[Opening Recorded information section]

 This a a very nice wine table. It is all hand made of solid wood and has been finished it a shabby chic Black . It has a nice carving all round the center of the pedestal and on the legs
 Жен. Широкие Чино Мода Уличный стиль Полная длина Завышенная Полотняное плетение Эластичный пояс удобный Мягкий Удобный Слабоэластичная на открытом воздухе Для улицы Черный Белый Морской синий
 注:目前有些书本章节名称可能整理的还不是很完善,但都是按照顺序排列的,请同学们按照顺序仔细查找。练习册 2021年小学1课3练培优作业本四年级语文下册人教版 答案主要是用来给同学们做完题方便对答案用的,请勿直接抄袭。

[Closing Recorded information section]
[Opening Recorded information section]

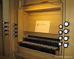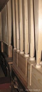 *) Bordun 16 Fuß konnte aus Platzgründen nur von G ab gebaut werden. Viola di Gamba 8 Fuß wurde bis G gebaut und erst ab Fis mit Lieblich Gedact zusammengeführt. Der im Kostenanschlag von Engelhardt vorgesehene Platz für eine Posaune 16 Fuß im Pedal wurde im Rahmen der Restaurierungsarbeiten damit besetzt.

[Closing Recorded information section]

> _What is being asked_
Would you retype exactly the lines above, from the line with "This a a very" to the line with "Жен. Широкие Чино", with both end lines kept and nothing more?

> _Final answer_
 This a a very nice wine table. It is all hand made of solid wood and has been finished it a shabby chic Black . It has a nice carving all round the center of the pedestal and on the legs
 Жен. Широкие Чино Мода Уличный стиль Полная длина Завышенная Полотняное плетение Эластичный пояс удобный Мягкий Удобный Слабоэластичная на открытом воздухе Для улицы Черный Белый Морской синий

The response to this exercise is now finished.